Analysis

Sarkozy Seeks to Outflank French Nationalists

He could alienate moderate French voters in the process.

French conservative party leader Nicolas Sarkozy has lurched to the right, declaring his opposition to Muslim students wearing headscarfs in public universities and calling on high schools to stop serving halal meals.

In doing so, the former president, who staged a political comeback last year, outdid Marine Le Pen’s National Front, which is neck and neck with his party in polls for local elections this month.
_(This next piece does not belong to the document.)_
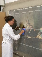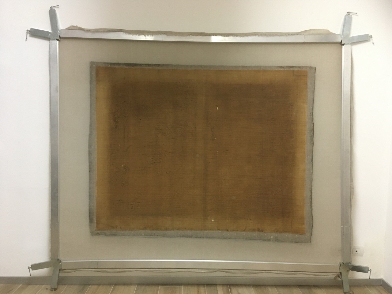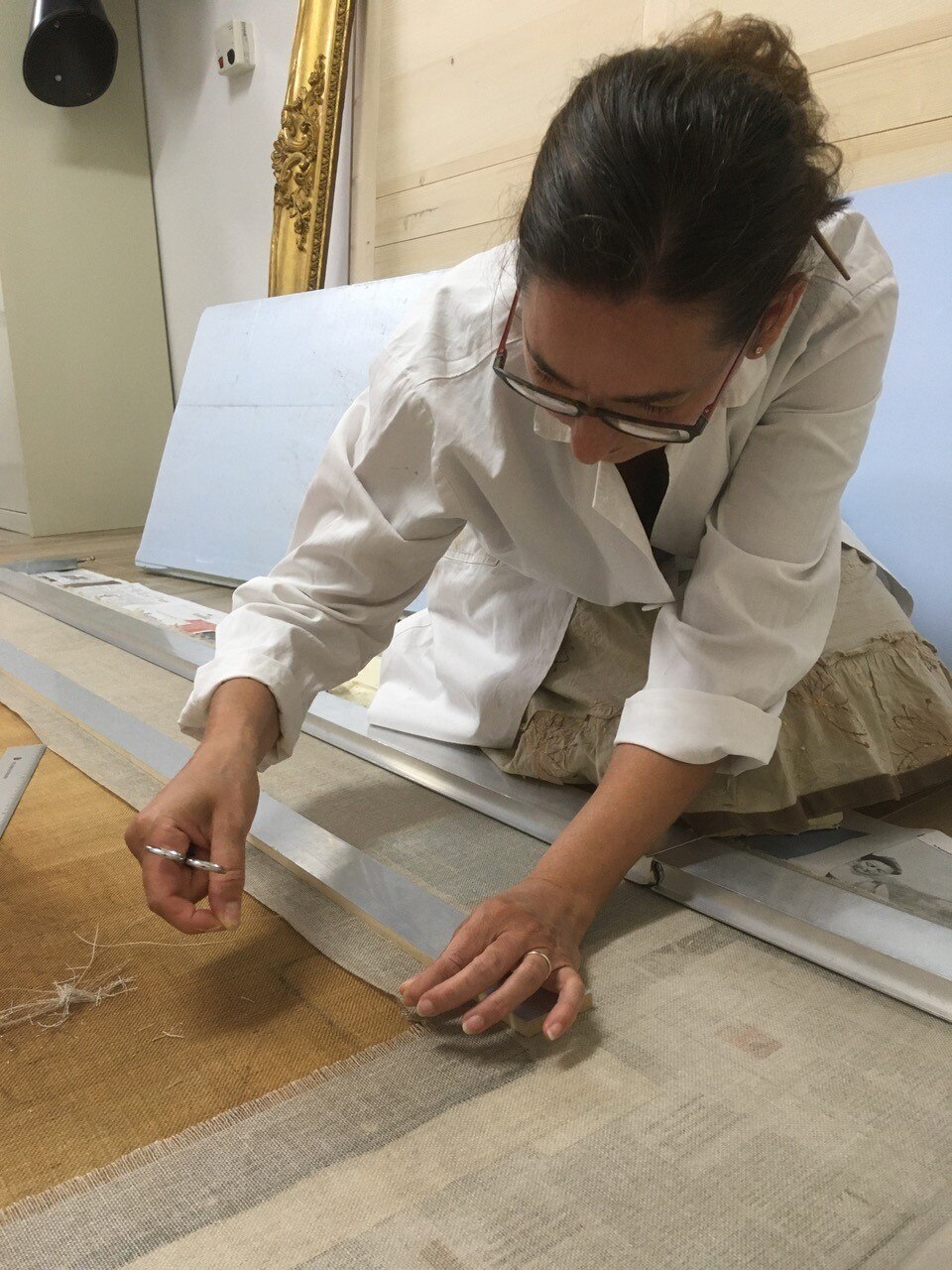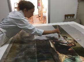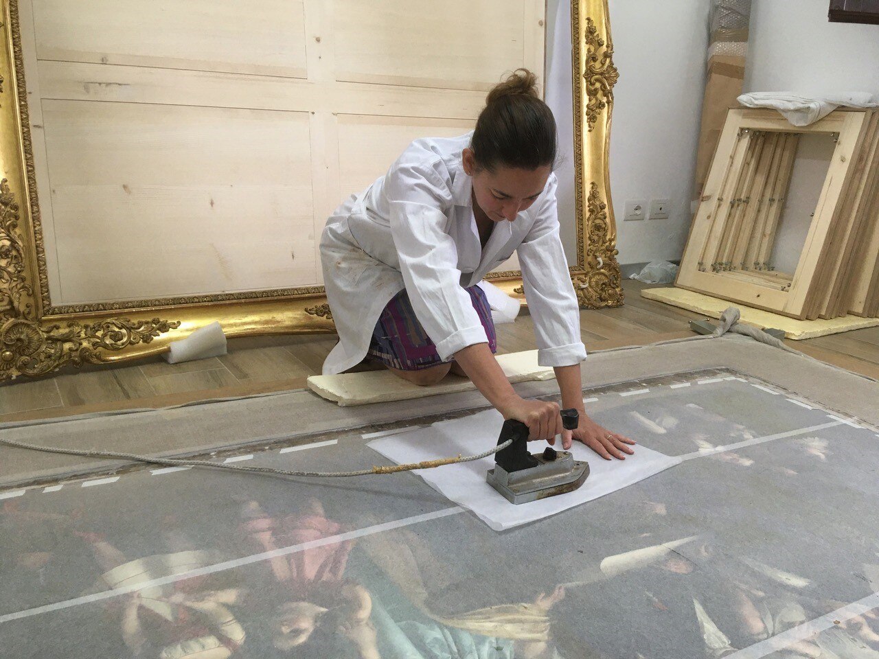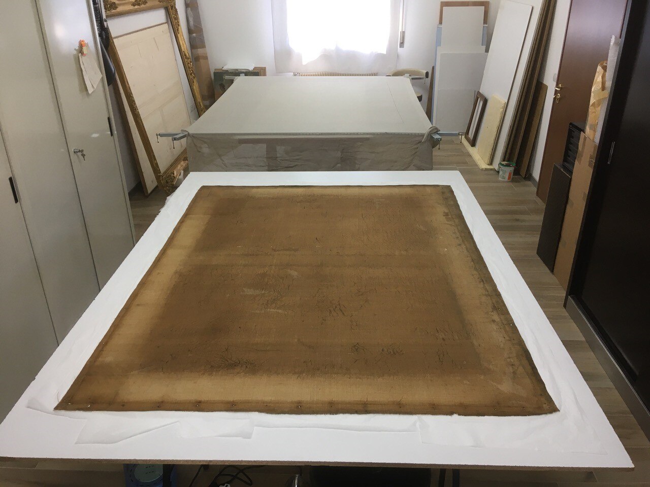Verso il gran finale. Ecco alcune immagini delle ultime attività: fissaggio del colore, svelinatura, tensionatura sul nuovo telaio armonico, doratura delle parti mancati della cornice.
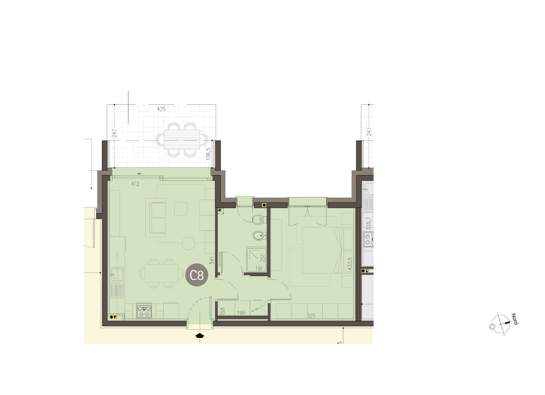 Bilocale a Piano Terra con soggiorno con cucina a vista, una camera, un bagno, disimpegno, portico e giardino di proprietà di 47 mq. Classe energetica A3 valore di progetto. Le immagini e la rappresentazione grafica dei prodotti (immagini, dati tecnici e descrizioni) è realizzata al solo scopo di illustrare il prodotto ed è puramente indicativa. I prodotti possono pertanto differire da quanto rappresentato.

The Front, well-known for its aggressively secular and anti-immigrant platform, had hesitated to call for banning halal meals from public schools, but it quickly endorsed Sarkozy’s proposal.

Courting far-right voters

Sarkozy, of Hungarian ancestry, was a hardliner on immigration issues when he served as interior minister from 2005 to 2007 and later as president.

During the 2012 election, which he lost with 48 percent support, Sarkozy actively tried to court former National Front voters in the runoff against François Hollande.

The latest rhetoric seems an even more blatant attempt to win back voters from the far right two months after Islamist gunmen attacked the offices of the satirical newspaper Charlie Hebdo and a Jewish supermarket in Paris.

The terror attacks and the ruling Socialist Party’s unpopularity have helped Le Pen rise in the polls. Surveys put her party’s support around 30 percent nationwide, the same as Sarkozy’s conservatives.

The Socialists and their left-wing allies are projected to lose more than twenty of the 61 départements they control.

Eying 2017

Under the French voting system, the Front is unlikely to take control of more than a handful of local governments. Second voting rounds pit the two most popular candidates against each other. Centrist and left-leaning voters can be expected to vote a mainstream conservative into office rather than risk a victory for the far right.

But taking over even a few councils — which control child services, roads and secondary schools — would be a victory for Le Pen, who is positioning herself for a strong bid in the 2017 presidential election.

Last year, the party took control of eleven cities and towns and won three seats in the French parliament. It defeated the other parties in European Parliament elections, winning a quarter of the votes and a third of France’s seats in Strasbourg.

Right-wing split

Sarkozy’s Union pour un mouvement populaire, which the former president is rebranding as Les Républicains, has struggled to rebound despite Hollande’s low approval ratings and his government’s inability to bring down unemployment, stuck at 10 percent.

After Sarkozy’s defeat in 2012, the broad right-wing alliance seemed on the verge of breaking up.

Christian Democrats and liberals contested social policy, such as gay marriage — which the Socialists legalized — while Gaullists and libertarians disagreed about the proper limits to state interventionism.

A leadership feud between Sarkozy’s protégé, Jean-François Copé, and one of his former prime ministers, François Fillon, caused a temporary split in the party’s parliamentary group.

Sarkozy’s comeback put an end to the leadership squabbles but has not resolved the ideological struggles both major French parties live with.

If his strategy is to go Euroskeptic and hard on immigration to defeat the National Front, it could alienate moderate and liberal voters.